Plans include gruelling weeks of 80km to 100km a week, including hefty sets such as 10x800m, while organisers in Germany are looking at offering financial rewards and incentives for the ironmen and ironwomen who manage the fastest 10x400m free set. The first camp is scheduled for Potsdam from January 4 to 17 next year. The set challenge sounds like something that could catch on as a spectator sport … for the dedicated, of course.
That looks pretty cool, prize money for the fastest set of 10X400, I love it. That would have been me in the old days in my fly lane. We once did 5X 1000 fly, and I led the entire way. Come meet day, the entire lane smokes me in the 200yd fly. I was an endurance guy before there even was a sport like triathlon. Good thing it came along too, gave people like me some place to do really long workouts, and get a medal at the end…
Maybe we need an ST 10X400 challenge. Do it however you want, any stroke, IM, pulling, kicking ect…Might be fun to see some of the times. I’m just about ready to attempt it as a pull set, maybe a couple more weeks…
Excuse my ignorance, but what is the difference between the fastest 10X400 and the fastest 4000? For a fastest set, does everyone have the same interval and they measure total time spend swimming?
They would do it on a cycle. So perhaps 10x400 on 6 minutes (the cycle they chose would be interesting).
Racing 10x400 with limited rest is *very *different to swimming 4000 straight. Some people recover more quickly than others and it’s swum at a completely different pace.
Basically what FLAJill said but think of it this way; a top distance swimmer might go 39:00 for a 4000yds straight and would be sore the following day. The same swimmer might hold 3:50’s for 10x400yds on short rest like 4:15 and be ready to puke at the end.
For a distance swimmer (and I would argue for a triathlete who wants to swim better) the 10x400 is a better workout than a 4000 straight.
For a distance swimmer (and I would argue for a triathlete who wants to swim better) the 10x400 is a better workout than a 4000 straight.
I totally agree. long (>1K) straight swims are a poor use of time.

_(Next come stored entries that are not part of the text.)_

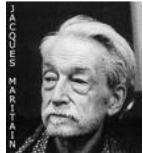
Жак Маритен (1882-1973)

Представители: Жак Маритен, Этьен Жильсон, Тейяр де Шарден
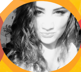
ЦКАЯ ВЛЕНИЯ ННЫХ
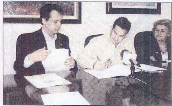
Momento de la firma del acuerdo entre la UAL y Rocamar

Rocamar y Estudios del Tiempo Presente coinciden en la necesidad de contribuir a recuperar el conocimiento de la historia más reciente, ocultado en buena parte por la dictadura de Franco, y conseguir así que no queden en el olvido la identidad de hombres y mujeres que lucharon contra el franquismo y a favor de una República democrática. De ahí nace este trabajo concreto,
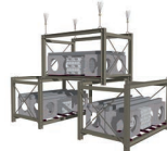
RÉCIF PANIER ACIER
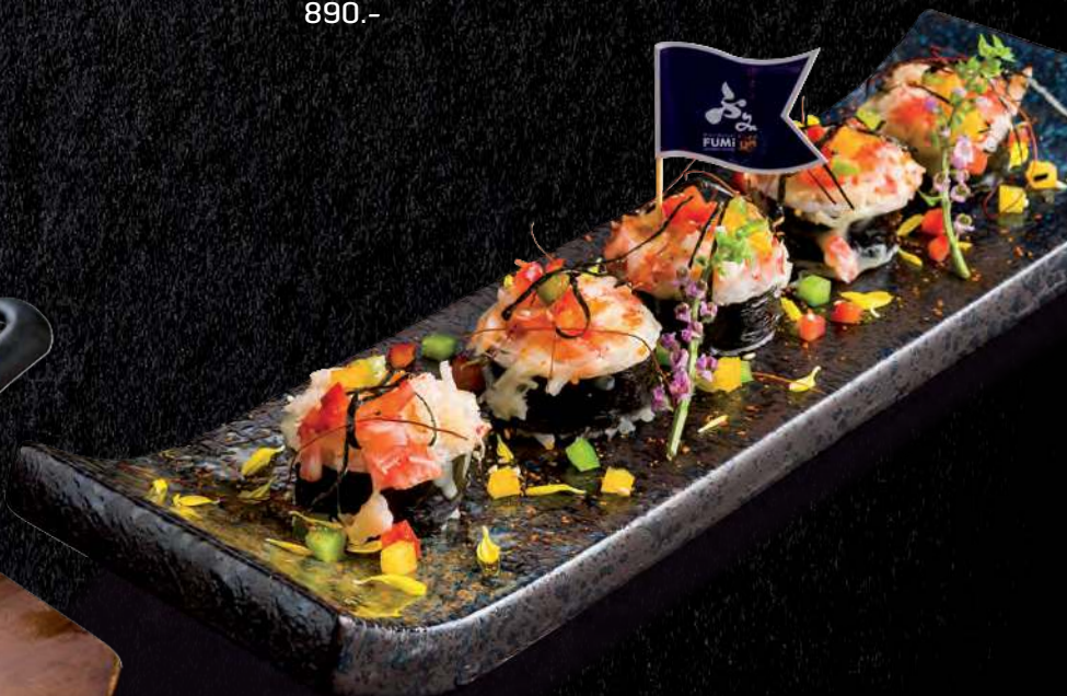
6 PIZZA SUSHI Rolled Sushi Shrimp, Egg, Crab Stick, Tobiko Topped Mozzarella Cheese 虾 鸡蛋 蟹肉棒 花枝 加上辣蛋黄酱起司 พิซซ่า ซูชิ 290.-
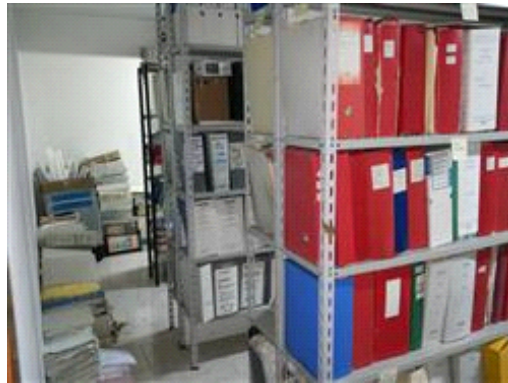
Interni del piano seminterrato
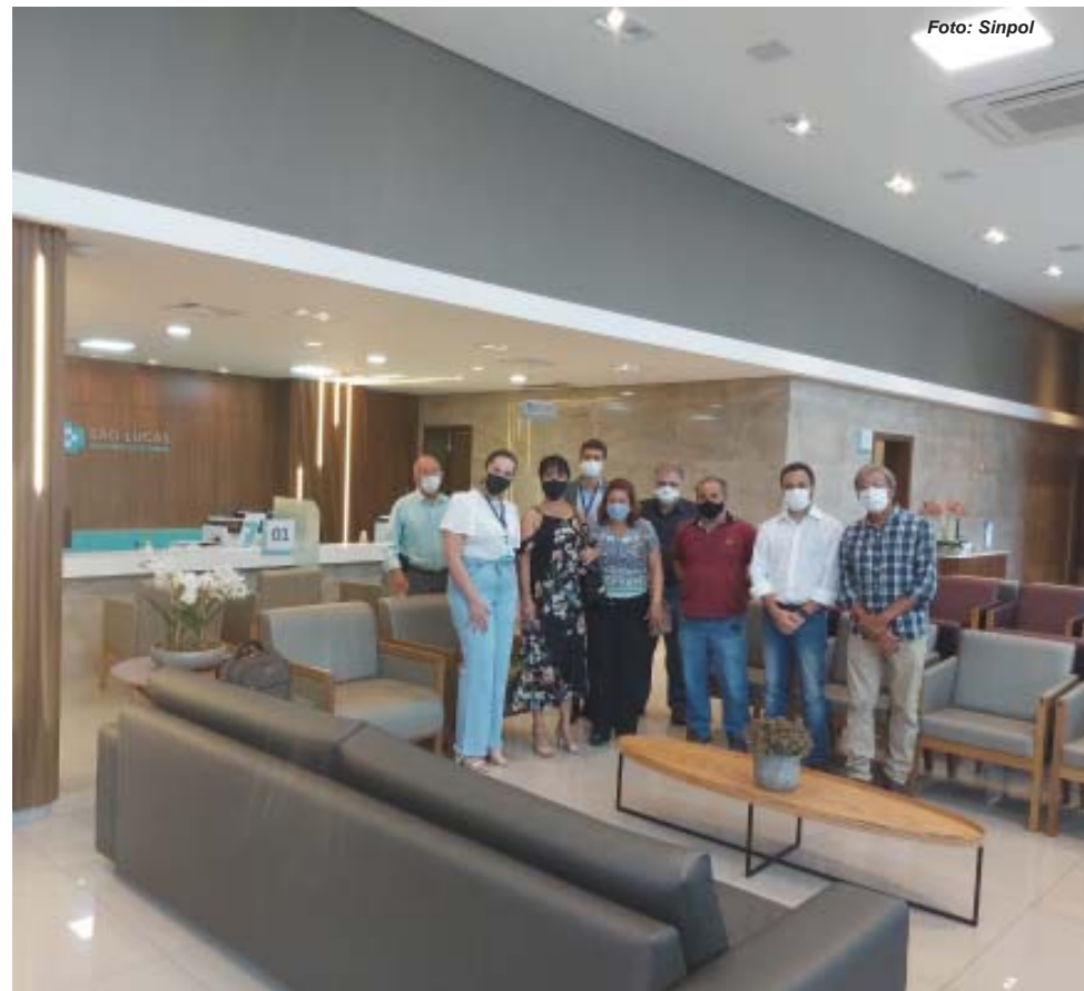
Diretores do Sinpol acompanhados de diretores da Sermed e do São Lucas, durante visita ao hospital localizado na Vila Seixas
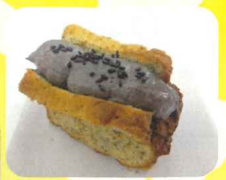
7/24 土用の丑の日 黒ゴマシフォンサンド

I swam at Chico state, so it was a 6 lane 25yd pool, with a 3 1/2ft. shallow end. Don’t rmemeber the interval, but it was probably about 15 or 16 minutes. That is really nothing compared to a set that I think Marky V said he did once. I think it was a 100X 100’s fly, and on some stupid fast interval, holding under 1;05’s I believe. If you were/are a flier, then once you get in some good yardage, it is not that much harder to do distance that free. Its just that so many people never get to the phase where it is just comfortable to swim it all day. I just started swimming about 5 months ago after a really long layoff(2 1/2 years) and just now able to do 100’s fly again. I’m actually working back into it by doing 1 arm fly sets, those you can do all day. Its just about perspective, one mans hard set is another mans warmup.